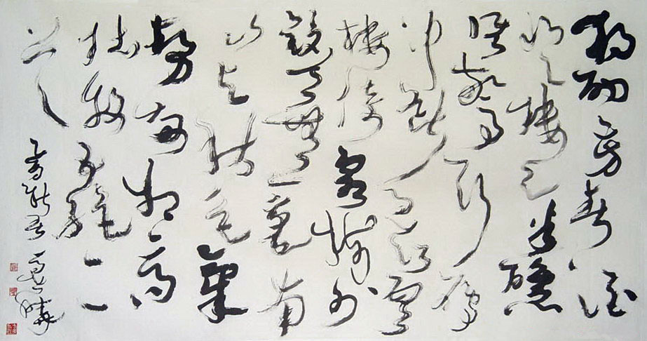 马世晓《草书横幅杜牧五绝二首》 【释文】独酌芳春酒,登楼已半醺。谁惊一行雁,冲断过江云?楼倚霜树外,镜天无一毫。南山与秋色,气势两相高。杜牧五绝二首。乙酉新春,马世晓。
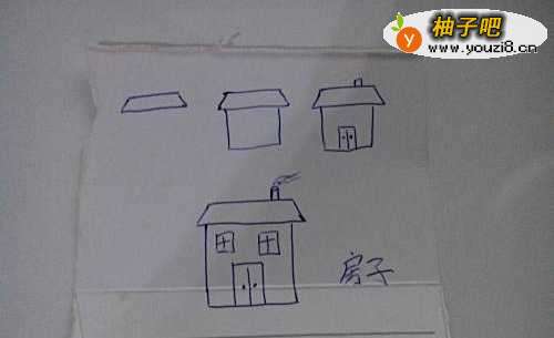3第三张、小房子、一个梯形做房顶、一个正方形做房身、然后加上田字格当窗户、在加个门、放上门把手、在方顶上在加个烟囱、然后弄点烟雾、是不是很形象呢、看上去还可以吧、
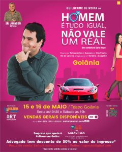 A Caixa de Assistência dos Advogados de Goiás, em parceria com a Cultura do Riso, oferece 50% de desconto para a advocacia no espetáculo “Homem é Tudo Igual, Não Vale Um Real”, estrelado por Guilherme Oliveira. As apresentações serão realizadas nos dias 15 e 16 de maio, às 19h30 e às 19h, respectivamente, no Teatro Goiânia, no Setor Central.
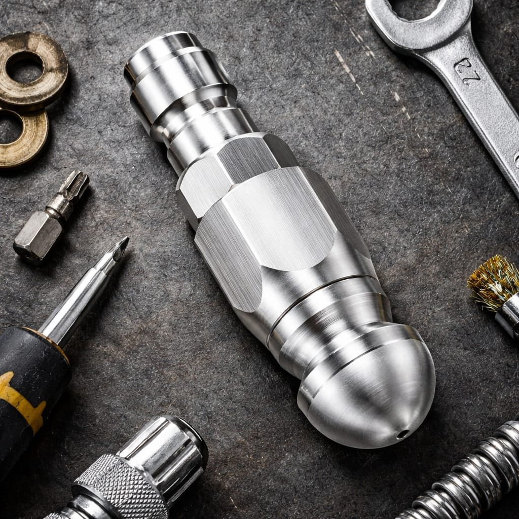 Boquilla jet cleaner, para destapar tuberías y drenajes 6 chorros Hecho de acero inoxidable 304 de la más alta calidad para durar toda una vida. Perfecto para enrasar zuecos, escombros o limpiar tuberías congeladas mientras se fija a la manguera de chorro. Diseño compacto para caber fácilmente en todas las líneas de alcantarillado, tuberías de drenaje y áreas de difícil acceso. Diseño de 6 chorros de pulverización traseros para destapar tuberías y demoler zuecos. Satisfacción garantizada por Jet Cleaner. Incluye: 1 boquilla de chorro de acero inoxidable Con cople rápido Especificaciones: presión mínima necesaria 1500 psi máxima 5000 psi flujo caudal mínimo necesario 3.0 Gpm y máximo: 8.0 gpm temperatura máxima: 300°F/ 60ºC

Task: Drop the pictures and set down the data above exactly.

Response to the exercise:
 马世晓《草书横幅杜牧五绝二首》 【释文】独酌芳春酒,登楼已半醺。谁惊一行雁,冲断过江云?楼倚霜树外,镜天无一毫。南山与秋色,气势两相高。杜牧五绝二首。乙酉新春,马世晓。
3第三张、小房子、一个梯形做房顶、一个正方形做房身、然后加上田字格当窗户、在加个门、放上门把手、在方顶上在加个烟囱、然后弄点烟雾、是不是很形象呢、看上去还可以吧、
 A Caixa de Assistência dos Advogados de Goiás, em parceria com a Cultura do Riso, oferece 50% de desconto para a advocacia no espetáculo “Homem é Tudo Igual, Não Vale Um Real”, estrelado por Guilherme Oliveira. As apresentações serão realizadas nos dias 15 e 16 de maio, às 19h30 e às 19h, respectivamente, no Teatro Goiânia, no Setor Central.
 Boquilla jet cleaner, para destapar tuberías y drenajes 6 chorros Hecho de acero inoxidable 304 de la más alta calidad para durar toda una vida. Perfecto para enrasar zuecos, escombros o limpiar tuberías congeladas mientras se fija a la manguera de chorro. Diseño compacto para caber fácilmente en todas las líneas de alcantarillado, tuberías de drenaje y áreas de difícil acceso. Diseño de 6 chorros de pulverización traseros para destapar tuberías y demoler zuecos. Satisfacción garantizada por Jet Cleaner. Incluye: 1 boquilla de chorro de acero inoxidable Con cople rápido Especificaciones: presión mínima necesaria 1500 psi máxima 5000 psi flujo caudal mínimo necesario 3.0 Gpm y máximo: 8.0 gpm temperatura máxima: 300°F/ 60ºC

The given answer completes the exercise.